⟨

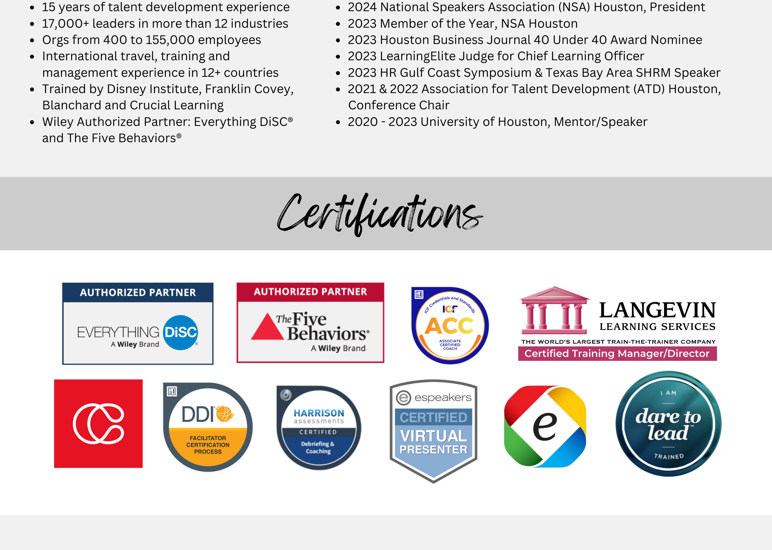 Maybe you need a workshop facilitated, so it has the most effective output. Or perhaps you'd like to celebrate on-time launches resulting from clear, accountable and low stress project management - I love doing those! What about speaking or access to the top tools in the industry for leadership and career development (Everything DiSC, The 5 Behaviors of a Cohesive Team and Situational Leadership II)? None of these? Well, how about 1:1 mentoring or coaching? You guessed it - it's all in my wheelhouse, and I love what I do. Career Highlights. 12 years of professional training and development in the corporate world with students, interns, individual contributors, frontline managers, mid-level leaders, senior leaders and executives, Trained 11,000+ leaders in more than 10 industries, Developed and delivered 12+ training programs (onboarding, leadership, technical and more) in 10 years, International travel, training and management experience in 12+ countries. Industry Passion, 2023 Houston Business Journal 40 Under 40 Award Nominee. 2023 LearningElite Judge for Chief Learning Officer. 2023 National Speakers Association (NSA) Houston, Board Member. 2023 HR Gulf Coast Symposium & Texas Bay Area SHRM Speaker. 2021 & 2022 Association for Talent Development (ATD) Houston, Conference Chair, current member, former Director of Outreach. 2020 - 2023 Mentor and Speaker for University of Houston HR students and several other universities. Certifications. Certified Practitioner. Everything DiSC. Langevin Learning Services. Certified Training Manager/Director. eSpeakers Certified Virtual Presenter. I am Dare to Lead Trained, e-Colors, DDI facilitator certification process. A purpose driven business.
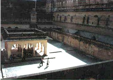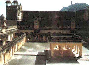 Der Frauentrakt des berühmten prunkvollen Amber-Palast bei Jaipur in Rajasthan ähnelt auf alle Fälle mehr einem Gefängnis oder einem riesigen Schweinepferch mit durch hohe Mauern abgeteilten Bezirken (oder besser “Gattern”), in denen die Frauen mit ihren Kindern lebten. Und rechts oben hinter der Mauer ist ein Gang mit kleinen Fensterchen, von dort konnte der hohe Herr von unten unbemerkbar auf den Hof und in die "Gatter" hinunterspinxen und sich aussuchen, auf wen er gerade Appetit für seine Spielchen hatte.
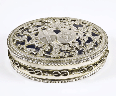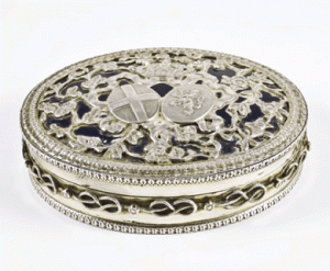Tra gli altri lotti, si segnala una rara bomboniera del matrimonio di Umberto II di Savoia con Maria José del Belgio. Umberto di Savoia volle disegnare lui stesso la bomboniera per le sue nozze con la Principessa del Belgio avvenute a Roma nel gennaio del 1930. La bomboniera regale è in argento, di forma ovale cm 10x 8.5, sul coperchio i gli stemmi degli sposi contornati da fiori d’arancio su un cuscino di smalto blu, il bordo della scatola contornato da nodi Savoia intercalati da rosette. La bomboniera è stata realizzata dall’antica gioielleria Musy di Torino. Ormai una rarità l’esemplare, che è stato esposto a Venaria nella mostra dedicata ai Savoia, sarà battuto il 7 giugno con un prezzo di stima di euro 3.200,00. Per gli appassionati del settore storico sarà in asta anche uno stendardo in seta stampata realizzato in occasione delle nozze di Anna Maria luisa de’ Medici e una collezione di insegne di ordini cavallereschi in oro, argento e smalti del XIX secolo.
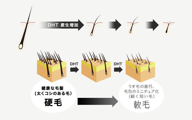 AGA(エージーエー)の脱毛部にはDHT(ジヒドロテストステロン)が高濃度にみられ、これがヘアサイクルの成長期を短くする原因物質と考えられています。成長期が短くなることにより、髪の毛が長く太く成長する前に抜けてしまいます。十分に育たない、細く短い髪の毛が多くなると全体としてうす毛が目立つようになります。
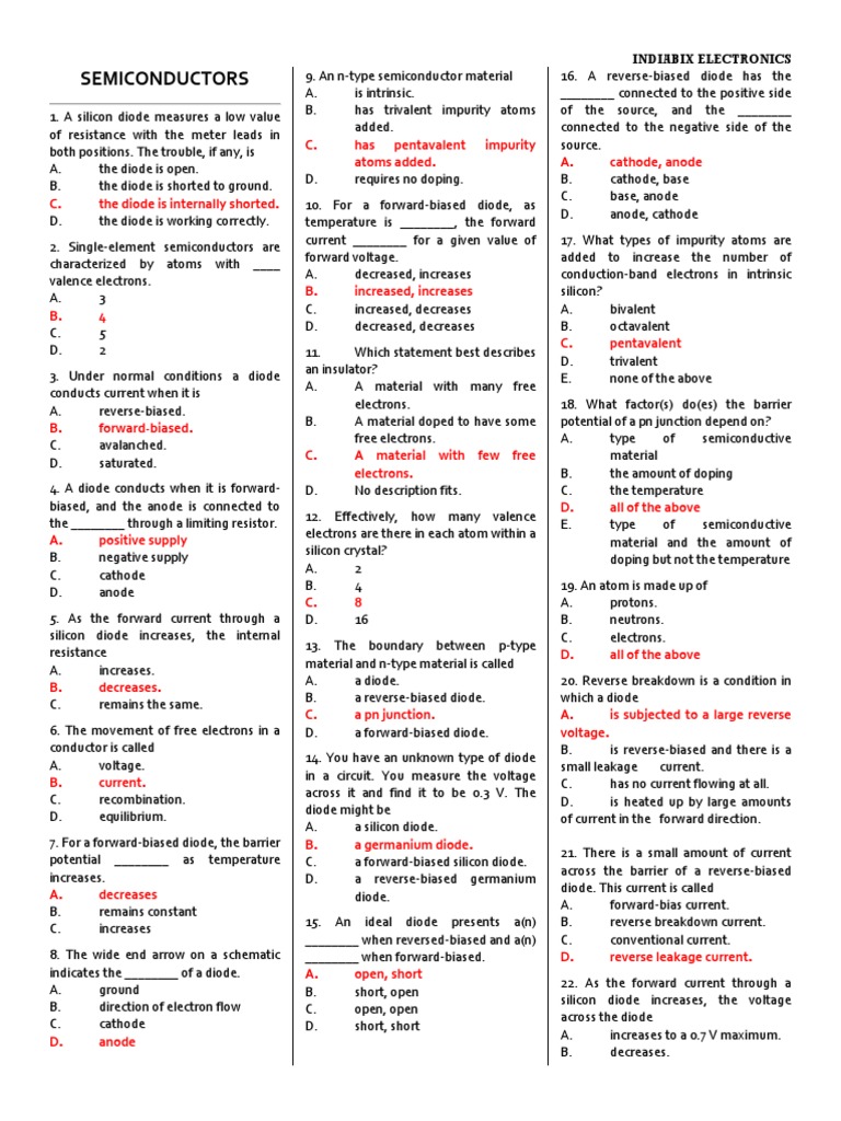 INDIABIX-Part 1-ELEX-MCQs PDF | PDF | Diode | P–N Junction
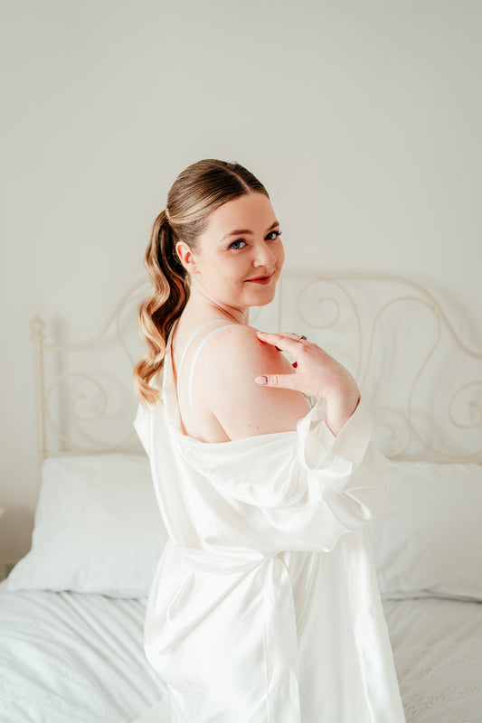 Are you looking for luxurious, fresh, white bridal lingerie for you big day? Look no further than the Vivienne range. White florals dance across the body while strappy, adjustable detailing hugs your figure in all the right places. Comfy wedding underwear has never looked so good! Pair with our signature silk bridal garter to complete the look.

⟩

### What this task involves
Reproduce all lines above exactly. Leave the images out.

### Exercise response
 Maybe you need a workshop facilitated, so it has the most effective output. Or perhaps you'd like to celebrate on-time launches resulting from clear, accountable and low stress project management - I love doing those! What about speaking or access to the top tools in the industry for leadership and career development (Everything DiSC, The 5 Behaviors of a Cohesive Team and Situational Leadership II)? None of these? Well, how about 1:1 mentoring or coaching? You guessed it - it's all in my wheelhouse, and I love what I do. Career Highlights. 12 years of professional training and development in the corporate world with students, interns, individual contributors, frontline managers, mid-level leaders, senior leaders and executives, Trained 11,000+ leaders in more than 10 industries, Developed and delivered 12+ training programs (onboarding, leadership, technical and more) in 10 years, International travel, training and management experience in 12+ countries. Industry Passion, 2023 Houston Business Journal 40 Under 40 Award Nominee. 2023 LearningElite Judge for Chief Learning Officer. 2023 National Speakers Association (NSA) Houston, Board Member. 2023 HR Gulf Coast Symposium & Texas Bay Area SHRM Speaker. 2021 & 2022 Association for Talent Development (ATD) Houston, Conference Chair, current member, former Director of Outreach. 2020 - 2023 Mentor and Speaker for University of Houston HR students and several other universities. Certifications. Certified Practitioner. Everything DiSC. Langevin Learning Services. Certified Training Manager/Director. eSpeakers Certified Virtual Presenter. I am Dare to Lead Trained, e-Colors, DDI facilitator certification process. A purpose driven business.
 Der Frauentrakt des berühmten prunkvollen Amber-Palast bei Jaipur in Rajasthan ähnelt auf alle Fälle mehr einem Gefängnis oder einem riesigen Schweinepferch mit durch hohe Mauern abgeteilten Bezirken (oder besser “Gattern”), in denen die Frauen mit ihren Kindern lebten. Und rechts oben hinter der Mauer ist ein Gang mit kleinen Fensterchen, von dort konnte der hohe Herr von unten unbemerkbar auf den Hof und in die "Gatter" hinunterspinxen und sich aussuchen, auf wen er gerade Appetit für seine Spielchen hatte.
Tra gli altri lotti, si segnala una rara bomboniera del matrimonio di Umberto II di Savoia con Maria José del Belgio. Umberto di Savoia volle disegnare lui stesso la bomboniera per le sue nozze con la Principessa del Belgio avvenute a Roma nel gennaio del 1930. La bomboniera regale è in argento, di forma ovale cm 10x 8.5, sul coperchio i gli stemmi degli sposi contornati da fiori d’arancio su un cuscino di smalto blu, il bordo della scatola contornato da nodi Savoia intercalati da rosette. La bomboniera è stata realizzata dall’antica gioielleria Musy di Torino. Ormai una rarità l’esemplare, che è stato esposto a Venaria nella mostra dedicata ai Savoia, sarà battuto il 7 giugno con un prezzo di stima di euro 3.200,00. Per gli appassionati del settore storico sarà in asta anche uno stendardo in seta stampata realizzato in occasione delle nozze di Anna Maria luisa de’ Medici e una collezione di insegne di ordini cavallereschi in oro, argento e smalti del XIX secolo.
 AGA(エージーエー)の脱毛部にはDHT(ジヒドロテストステロン)が高濃度にみられ、これがヘアサイクルの成長期を短くする原因物質と考えられています。成長期が短くなることにより、髪の毛が長く太く成長する前に抜けてしまいます。十分に育たない、細く短い髪の毛が多くなると全体としてうす毛が目立つようになります。
 INDIABIX-Part 1-ELEX-MCQs PDF | PDF | Diode | P–N Junction
 Are you looking for luxurious, fresh, white bridal lingerie for you big day? Look no further than the Vivienne range. White florals dance across the body while strappy, adjustable detailing hugs your figure in all the right places. Comfy wedding underwear has never looked so good! Pair with our signature silk bridal garter to complete the look.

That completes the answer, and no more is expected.